Start of Source material

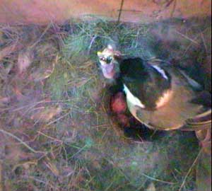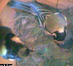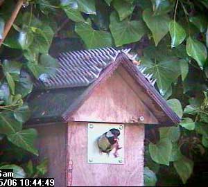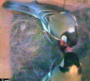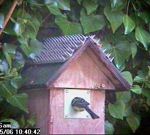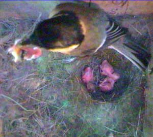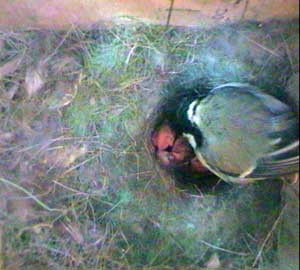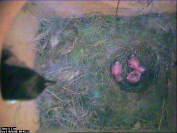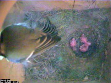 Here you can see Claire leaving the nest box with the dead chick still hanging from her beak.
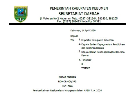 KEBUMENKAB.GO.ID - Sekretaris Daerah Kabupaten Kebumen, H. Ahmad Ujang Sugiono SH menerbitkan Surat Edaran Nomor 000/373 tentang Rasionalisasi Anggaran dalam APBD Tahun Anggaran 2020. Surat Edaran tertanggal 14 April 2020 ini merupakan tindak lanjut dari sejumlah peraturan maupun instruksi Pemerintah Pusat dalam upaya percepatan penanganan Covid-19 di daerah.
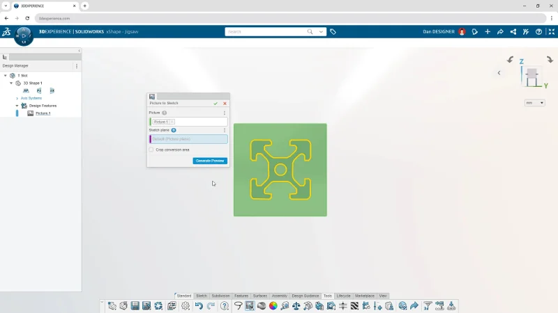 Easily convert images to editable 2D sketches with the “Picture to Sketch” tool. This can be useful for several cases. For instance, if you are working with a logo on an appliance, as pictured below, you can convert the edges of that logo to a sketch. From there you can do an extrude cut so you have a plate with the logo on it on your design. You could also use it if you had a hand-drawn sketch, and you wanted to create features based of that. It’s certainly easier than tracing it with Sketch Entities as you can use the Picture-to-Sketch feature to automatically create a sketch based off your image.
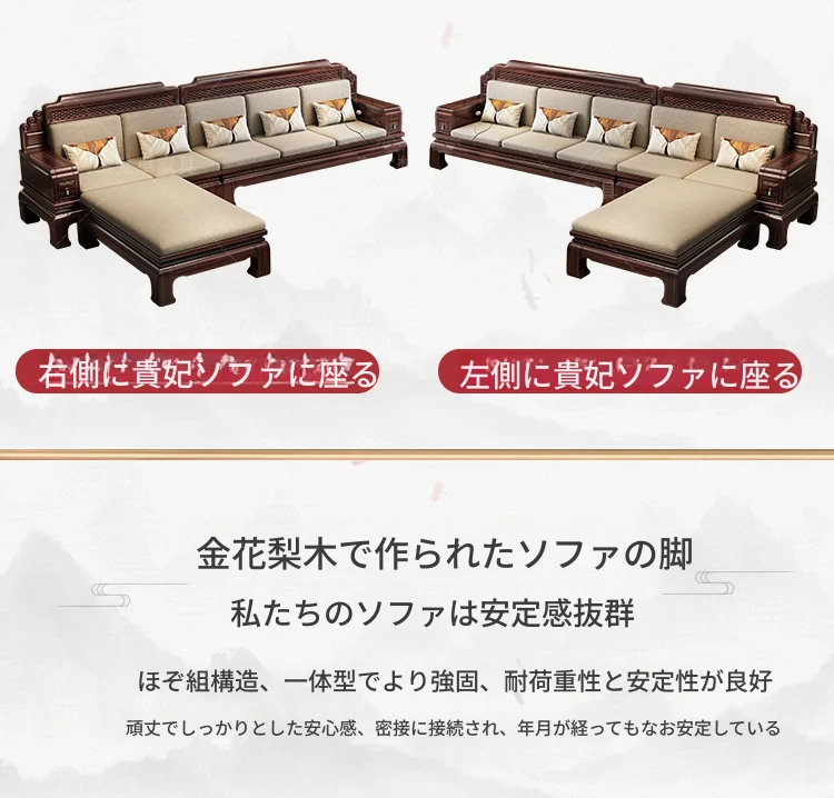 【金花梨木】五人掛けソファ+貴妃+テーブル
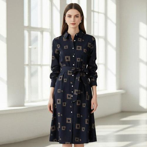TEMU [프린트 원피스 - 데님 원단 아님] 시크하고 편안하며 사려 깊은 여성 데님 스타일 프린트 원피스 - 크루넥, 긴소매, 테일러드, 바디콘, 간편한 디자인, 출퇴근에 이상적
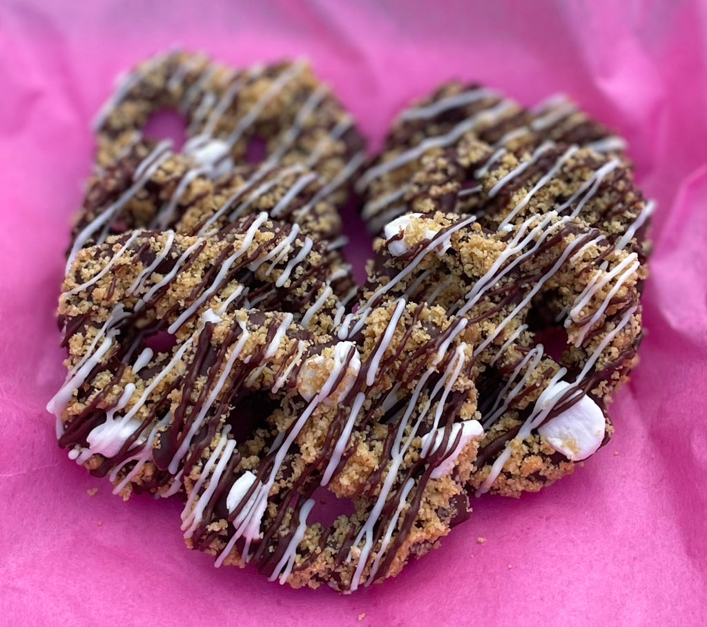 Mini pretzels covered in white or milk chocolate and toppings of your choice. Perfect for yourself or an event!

End of Source material

- **What you will do**
Output nothing except the lines from the one containing "Easily convert images" through the final line of the entries, repeated exactly and free of pictures.

- **Response box**
 Easily convert images to editable 2D sketches with the “Picture to Sketch” tool. This can be useful for several cases. For instance, if you are working with a logo on an appliance, as pictured below, you can convert the edges of that logo to a sketch. From there you can do an extrude cut so you have a plate with the logo on it on your design. You could also use it if you had a hand-drawn sketch, and you wanted to create features based of that. It’s certainly easier than tracing it with Sketch Entities as you can use the Picture-to-Sketch feature to automatically create a sketch based off your image.
 【金花梨木】五人掛けソファ+貴妃+テーブル
TEMU [프린트 원피스 - 데님 원단 아님] 시크하고 편안하며 사려 깊은 여성 데님 스타일 프린트 원피스 - 크루넥, 긴소매, 테일러드, 바디콘, 간편한 디자인, 출퇴근에 이상적
 Mini pretzels covered in white or milk chocolate and toppings of your choice. Perfect for yourself or an event!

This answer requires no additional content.